**TASK BRIEF**:
In your copy of the listing below, reproduce each word exactly and include no pictures.

**SOURCE DATA**:
'''

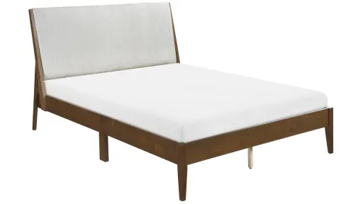 The Finley Platform Bed features a chestnut finish, its warm hue a perfect complement to the light gray chenille fabric upholstered headboard. Subtle Mid-Century Modern inspiration drives the design and lends a classic profile to the modern lines of the Finley Collection.
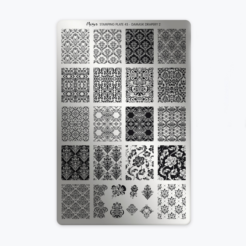 La Plaque 43 – Damask Drapery 2 de Moyra est idéale pour créer des nail art élégants inspirés des décorations textiles.
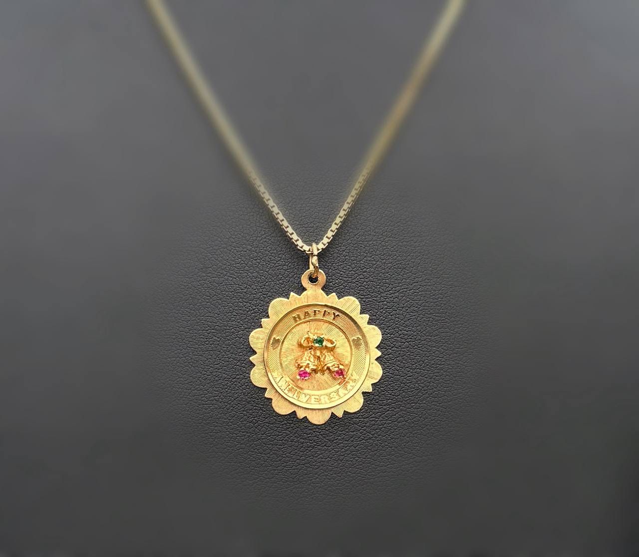 14k solid yellow gold Happy Anniversary Emerald Ruby 0.1CTW Pendant charm

'''

**ANSWER BELOW**:
 The Finley Platform Bed features a chestnut finish, its warm hue a perfect complement to the light gray chenille fabric upholstered headboard. Subtle Mid-Century Modern inspiration drives the design and lends a classic profile to the modern lines of the Finley Collection.
 La Plaque 43 – Damask Drapery 2 de Moyra est idéale pour créer des nail art élégants inspirés des décorations textiles.
 14k solid yellow gold Happy Anniversary Emerald Ruby 0.1CTW Pendant charm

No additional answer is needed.